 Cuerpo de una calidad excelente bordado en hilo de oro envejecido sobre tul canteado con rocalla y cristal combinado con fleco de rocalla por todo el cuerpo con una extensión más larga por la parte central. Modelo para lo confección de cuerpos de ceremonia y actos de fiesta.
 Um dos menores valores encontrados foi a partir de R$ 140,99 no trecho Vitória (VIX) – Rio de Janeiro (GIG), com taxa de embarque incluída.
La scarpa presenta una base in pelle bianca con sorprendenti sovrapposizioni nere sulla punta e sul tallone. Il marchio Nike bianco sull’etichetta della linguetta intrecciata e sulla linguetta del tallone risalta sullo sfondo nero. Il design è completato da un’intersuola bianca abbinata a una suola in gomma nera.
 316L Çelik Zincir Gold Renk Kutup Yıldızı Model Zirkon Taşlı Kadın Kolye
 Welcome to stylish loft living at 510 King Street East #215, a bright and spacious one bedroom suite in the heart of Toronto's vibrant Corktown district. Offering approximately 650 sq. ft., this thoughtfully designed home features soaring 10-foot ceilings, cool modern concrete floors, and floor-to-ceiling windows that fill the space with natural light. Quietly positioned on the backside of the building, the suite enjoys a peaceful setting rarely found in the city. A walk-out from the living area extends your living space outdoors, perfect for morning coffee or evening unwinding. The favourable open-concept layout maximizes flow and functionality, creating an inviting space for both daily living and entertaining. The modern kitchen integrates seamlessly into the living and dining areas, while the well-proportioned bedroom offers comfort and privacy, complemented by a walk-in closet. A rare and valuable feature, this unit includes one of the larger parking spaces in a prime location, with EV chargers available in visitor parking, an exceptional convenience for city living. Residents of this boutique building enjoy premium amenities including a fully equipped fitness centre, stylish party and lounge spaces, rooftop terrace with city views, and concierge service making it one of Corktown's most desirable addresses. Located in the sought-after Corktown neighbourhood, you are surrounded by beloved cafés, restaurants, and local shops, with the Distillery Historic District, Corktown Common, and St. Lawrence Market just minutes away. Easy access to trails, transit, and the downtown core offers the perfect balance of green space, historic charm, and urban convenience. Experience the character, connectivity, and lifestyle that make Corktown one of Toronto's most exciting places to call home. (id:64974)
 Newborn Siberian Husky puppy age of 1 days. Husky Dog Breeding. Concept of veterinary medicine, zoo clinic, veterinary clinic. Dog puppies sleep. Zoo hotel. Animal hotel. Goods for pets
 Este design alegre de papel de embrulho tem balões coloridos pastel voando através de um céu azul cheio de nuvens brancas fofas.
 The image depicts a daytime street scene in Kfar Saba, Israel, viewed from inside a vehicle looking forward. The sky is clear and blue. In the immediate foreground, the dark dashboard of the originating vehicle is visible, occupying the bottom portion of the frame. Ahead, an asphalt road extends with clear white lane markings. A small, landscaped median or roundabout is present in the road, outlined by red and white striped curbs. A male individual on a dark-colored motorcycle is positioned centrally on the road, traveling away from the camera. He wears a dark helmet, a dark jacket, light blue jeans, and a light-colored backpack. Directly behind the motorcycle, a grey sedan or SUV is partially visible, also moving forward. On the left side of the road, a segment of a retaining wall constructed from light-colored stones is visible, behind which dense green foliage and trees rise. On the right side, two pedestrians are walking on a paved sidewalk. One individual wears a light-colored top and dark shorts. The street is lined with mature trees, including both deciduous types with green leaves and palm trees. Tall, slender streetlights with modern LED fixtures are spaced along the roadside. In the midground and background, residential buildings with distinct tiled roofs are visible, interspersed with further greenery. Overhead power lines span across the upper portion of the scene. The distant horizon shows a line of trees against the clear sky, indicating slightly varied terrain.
- - - - -
■ **WHAT TO PRODUCE**
Restate the full listing word for word, leaving out nothing.

■ **EXERCISE RESPONSE**
 Cuerpo de una calidad excelente bordado en hilo de oro envejecido sobre tul canteado con rocalla y cristal combinado con fleco de rocalla por todo el cuerpo con una extensión más larga por la parte central. Modelo para lo confección de cuerpos de ceremonia y actos de fiesta.
 Um dos menores valores encontrados foi a partir de R$ 140,99 no trecho Vitória (VIX) – Rio de Janeiro (GIG), com taxa de embarque incluída.
La scarpa presenta una base in pelle bianca con sorprendenti sovrapposizioni nere sulla punta e sul tallone. Il marchio Nike bianco sull’etichetta della linguetta intrecciata e sulla linguetta del tallone risalta sullo sfondo nero. Il design è completato da un’intersuola bianca abbinata a una suola in gomma nera.
 316L Çelik Zincir Gold Renk Kutup Yıldızı Model Zirkon Taşlı Kadın Kolye
 Welcome to stylish loft living at 510 King Street East #215, a bright and spacious one bedroom suite in the heart of Toronto's vibrant Corktown district. Offering approximately 650 sq. ft., this thoughtfully designed home features soaring 10-foot ceilings, cool modern concrete floors, and floor-to-ceiling windows that fill the space with natural light. Quietly positioned on the backside of the building, the suite enjoys a peaceful setting rarely found in the city. A walk-out from the living area extends your living space outdoors, perfect for morning coffee or evening unwinding. The favourable open-concept layout maximizes flow and functionality, creating an inviting space for both daily living and entertaining. The modern kitchen integrates seamlessly into the living and dining areas, while the well-proportioned bedroom offers comfort and privacy, complemented by a walk-in closet. A rare and valuable feature, this unit includes one of the larger parking spaces in a prime location, with EV chargers available in visitor parking, an exceptional convenience for city living. Residents of this boutique building enjoy premium amenities including a fully equipped fitness centre, stylish party and lounge spaces, rooftop terrace with city views, and concierge service making it one of Corktown's most desirable addresses. Located in the sought-after Corktown neighbourhood, you are surrounded by beloved cafés, restaurants, and local shops, with the Distillery Historic District, Corktown Common, and St. Lawrence Market just minutes away. Easy access to trails, transit, and the downtown core offers the perfect balance of green space, historic charm, and urban convenience. Experience the character, connectivity, and lifestyle that make Corktown one of Toronto's most exciting places to call home. (id:64974)
 Newborn Siberian Husky puppy age of 1 days. Husky Dog Breeding. Concept of veterinary medicine, zoo clinic, veterinary clinic. Dog puppies sleep. Zoo hotel. Animal hotel. Goods for pets
 Este design alegre de papel de embrulho tem balões coloridos pastel voando através de um céu azul cheio de nuvens brancas fofas.
 The image depicts a daytime street scene in Kfar Saba, Israel, viewed from inside a vehicle looking forward. The sky is clear and blue. In the immediate foreground, the dark dashboard of the originating vehicle is visible, occupying the bottom portion of the frame. Ahead, an asphalt road extends with clear white lane markings. A small, landscaped median or roundabout is present in the road, outlined by red and white striped curbs. A male individual on a dark-colored motorcycle is positioned centrally on the road, traveling away from the camera. He wears a dark helmet, a dark jacket, light blue jeans, and a light-colored backpack. Directly behind the motorcycle, a grey sedan or SUV is partially visible, also moving forward. On the left side of the road, a segment of a retaining wall constructed from light-colored stones is visible, behind which dense green foliage and trees rise. On the right side, two pedestrians are walking on a paved sidewalk. One individual wears a light-colored top and dark shorts. The street is lined with mature trees, including both deciduous types with green leaves and palm trees. Tall, slender streetlights with modern LED fixtures are spaced along the roadside. In the midground and background, residential buildings with distinct tiled roofs are visible, interspersed with further greenery. Overhead power lines span across the upper portion of the scene. The distant horizon shows a line of trees against the clear sky, indicating slightly varied terrain.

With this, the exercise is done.